Crossing the River: Seven Stories That Saved My Life
By Carol Smith
Abrams Press; hardcover, 272 pages; $26.00; available this Tuesday, May 4th
Carol Smith is an award-winning journalist and editor for NPR affiliate KUOW in Seattle, and was formerly with the Seattle Post-Intelligencer and the Los Angeles Times. She was recently names Editor of the Year by Public Media Journslists Association and has been a PEN America Literary Awards finalist for her journalism and has been nominated for the Pulitzer Prize seven times and twice for the Pushcart Prize.
Smith's new book Crossing the River, part memoir and part resource guide for mourning, is a powerful and inspirational exploration of grief and resilience following the death of the her son.
Smith recounts how she faced down her crippling loss through reporting a series of profiles of people coping with their own intense challenges, whether a freak accident, a debilitating injury, or a terrifying diagnosis.

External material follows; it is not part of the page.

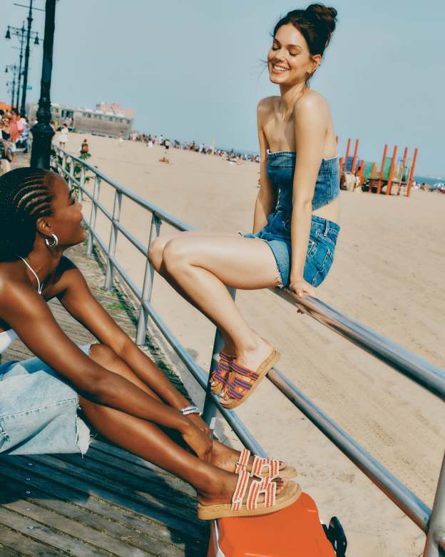 The MAYVEN slides feature comfy construction details like a molded footbed, a treaded flatform sole, and an adjustable top strap, plus a front strap with a geometric cutout design.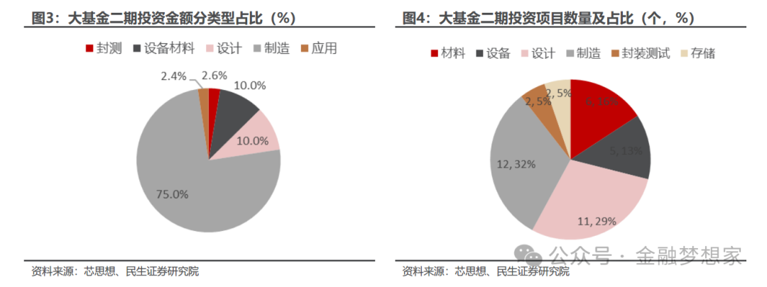 大基金二期投资晶圆制造占比约 75%;投资集成电路设计工具、芯片设计占比 10%;投资封装测试占比2.6%;投资装备、零部件、材料约占比 10%,应用约 19 亿元,占比 2.4%。

This profoundly moving book, with essays that will warm your heart, is a beautiful and valuable resource for anyone coping with loss.
Smith writes of the mission of this heartfelt work: "This is a book about trauma and grief. But it'a also a book about love, about living, about persistence and joy. It's about reinventing, finding purpose, and discovering strength you didn't know you had until you were called upon to use it.
Every one of us fears there is something we could not survive. For me, it was the death of my only child when he was seven years old. He died suddenly, during what was shaping up to be the best year of his life. A kidney transplant had given him a second start on a healthy childhood. That dream ended when, without warning, he collapsed in cardiac arrest at his grandparents' house. I was not with him when he died, a fact that haunts me to this day. After his death, I woke in shock to an utterly changed world. I couldn't read the map to find my way out of the vast, harsh landscape of my grief.
In a similar way, the coronavirus pandemic has forced so many of us into unfamiliar territory. And its signature wound is that people die alone without their loved ones near, the thought of which still brings me to my knees.
The feelings in those early days of the pandemic, the way time blure, the obsessive search for any bit of news that might change the outcome, the sinking realization that control had slipped from our grasp, the sense of dislocation, the daily struggle to breathe - all these perfectly mirror feelings of grief.
So, too, does the panicky sense that we don't know yet what we've lost, only that it's something we didn't know how much we'd miss. Or the sense of foreboding that even if something awful hasn't happened yet, it will soon - what I heard one person call 'the grief before the grief.' And there is this, too: the grief after the grief, the way one trauma calls back another in the echo chamber of the heart.
People can't give you hope, can't dispense it on an as-needed basis like a prescription. But I believe hope can be learned, and it's learned through the experience of others. It happens through our shared stories. After my son died, I needed hope. I found it through reporting the stories of others who had faced down hard circumstances of their own. These were stories of survival and transformation, of people confronting devastating situations that changed them in unexpected ways.
I learned how to live after loss from their stories. Many more of is are facing unimaginable losses in the long tail of the COVID-19 crisis. I hope these stories will provide as much courage and insight for others as they did for me."